Week 7¶

In previous lessons, we covered how to encode data in different formats and the basics of different query languages. Now, we will discuss how to handle distributed datasets by replicated data across multiple nodes and partitioning data.

Objectives¶

After completing this week, you should be able to:

Compare and contrast different data replication strategies and discuss their advantages and disadvantages
Implement basic data partitioning paradigms using Python and Parquet
Describe how partitioning and replication affects data queries

Readings¶

Read chapters 5 and 6 in Designing Data-Intensive Applications

Weekly Resources¶

Assignment 7¶

Assignment 7.1¶

In this part of the assignment, you will partition a dataset using different strategies.

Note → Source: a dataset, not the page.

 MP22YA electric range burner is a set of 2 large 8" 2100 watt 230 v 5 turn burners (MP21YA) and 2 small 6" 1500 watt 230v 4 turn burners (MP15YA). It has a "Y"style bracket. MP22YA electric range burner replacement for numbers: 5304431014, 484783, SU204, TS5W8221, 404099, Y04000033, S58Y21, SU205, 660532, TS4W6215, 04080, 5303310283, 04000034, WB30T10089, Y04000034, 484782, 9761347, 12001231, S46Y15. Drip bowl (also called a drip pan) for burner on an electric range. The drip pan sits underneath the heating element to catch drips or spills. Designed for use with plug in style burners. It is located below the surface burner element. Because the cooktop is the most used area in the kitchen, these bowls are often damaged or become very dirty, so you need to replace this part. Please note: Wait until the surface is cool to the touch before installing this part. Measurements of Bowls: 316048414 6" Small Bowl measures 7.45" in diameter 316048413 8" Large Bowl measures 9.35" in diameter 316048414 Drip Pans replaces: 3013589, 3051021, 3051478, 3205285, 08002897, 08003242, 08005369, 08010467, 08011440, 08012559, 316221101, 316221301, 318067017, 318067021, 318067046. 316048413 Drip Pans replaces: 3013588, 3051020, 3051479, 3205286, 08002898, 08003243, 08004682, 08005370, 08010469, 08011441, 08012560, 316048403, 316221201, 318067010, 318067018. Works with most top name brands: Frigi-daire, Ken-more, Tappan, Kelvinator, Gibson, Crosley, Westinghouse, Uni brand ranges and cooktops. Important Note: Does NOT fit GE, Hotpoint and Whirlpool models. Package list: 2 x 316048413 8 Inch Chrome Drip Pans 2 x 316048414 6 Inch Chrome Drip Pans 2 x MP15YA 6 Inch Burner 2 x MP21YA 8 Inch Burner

You will use the routes.parquet dataset you created in a previous assignment. For this dataset, the key for each route will be the three-letter source airport code concatenated with the three-letter destination airport code and the two-letter airline. For instance, a route from Omaha Eppley Airfield (OMA) to Denver International Airport (DEN) on American Airlines (AA) has a key of OMADENAA.

a.¶

Start by loading the dataset from the previous assignment using Pandas's read_parquet method. Next, add the concatenated key then using Panda's apply method to create a new column called key. For this part of the example, we will create 16 partitions so that we can compare it to the partitions we create from hashed keys in the next part of the assignment. The partitions are determined by the first letter of the composite key using the following partitions.

    partitions = (
        ('A', 'A'), ('B', 'B'), ('C', 'D'), ('E', 'F'),
        ('G', 'H'), ('I', 'J'), ('K', 'L'), ('M', 'M'),
        ('N', 'N'), ('O', 'P'), ('Q', 'R'), ('S', 'T'),
        ('U', 'U'), ('V', 'V'), ('W', 'X'), ('Y', 'Z')
    )

In this case ('A', 'A') means the folder should contain all of the routes whose composite key starts with A. Similarly, ('E', 'F') should contain routes whose composite key starts with E or F.

The results/kv directory should contain the following folders.

kv
├── kv_key=A
├── kv_key=B
├── kv_key=C-D
├── kv_key=E-F
├── kv_key=G-H
├── kv_key=I-J
├── kv_key=K-L
├── kv_key=M
├── kv_key=N
├── kv_key=O-P
├── kv_key=Q-R
├── kv_key=S-T
├── kv_key=U
├── kv_key=V
├── kv_key=W-X
└── kv_key=Y-Z

An easy way to create this directory structure is to create a new key called kv_key from the key column and use the to_parquet method with partition_cols=['kv_key'] to save a partitioned dataset.

b.¶

Next, we are going to partition the dataset again, but this time we will partition by the hash value of the key. The following is a function that will create a SHA256 hash of the input key and return a hexadecimal string representation of the hash.

import hashlib

def hash_key(key):
    m = hashlib.sha256()
    m.update(str(key).encode('utf-8'))
    return m.hexdigest()

We will partition the data using the first character of the hexadecimal hash. As such, there are 16 possible partitions. Create a new column called hashed that is a hashed value of the key column. Next, create a partitioned dataset based on the first character of the hashed key and save the results to results/hash. The directory should contain the following folders.

hash
├── hash_key=0
├── hash_key=1
├── hash_key=2
├── hash_key=3
├── hash_key=4
├── hash_key=5
├── hash_key=6
├── hash_key=7
├── hash_key=8
├── hash_key=9
├── hash_key=A
├── hash_key=B
├── hash_key=C
├── hash_key=D
├── hash_key=E

c.¶

Finally, we will simulate multiple geographically distributed data centers. For this example, we will assume we have three data centers located in the western, central, and eastern United States. Google lists the locations of their data centers and we will use the following locations for our three data centers. * West * The Dalles, Oregon * Latitude: 45.5945645 * Longitude: -121.1786823 * Central * Papillion, NE * Latitude: 41.1544433 * Longitude: -96.0422378 * East * Loudoun County, Virginia * Latitude: 39.08344 * Longitude: -77.6497145

Assume that you have an application that provides routes for each of the source airports and you want to store routes in the data center closest to the source airport. The output folders should look as follows.

geo
├── location=central
├── location=east
└── location=west

d.¶

Create a Python function that takes as input a list of keys and the number of partitions and returns a list of keys sorted into the specified number of partitions. The partitions should be roughly equal in size. Furthermore, the partitions should have the property that each partition contains all the keys between the least key in the partition and the greatest key in the partition. In other words, the partitions should be ordered.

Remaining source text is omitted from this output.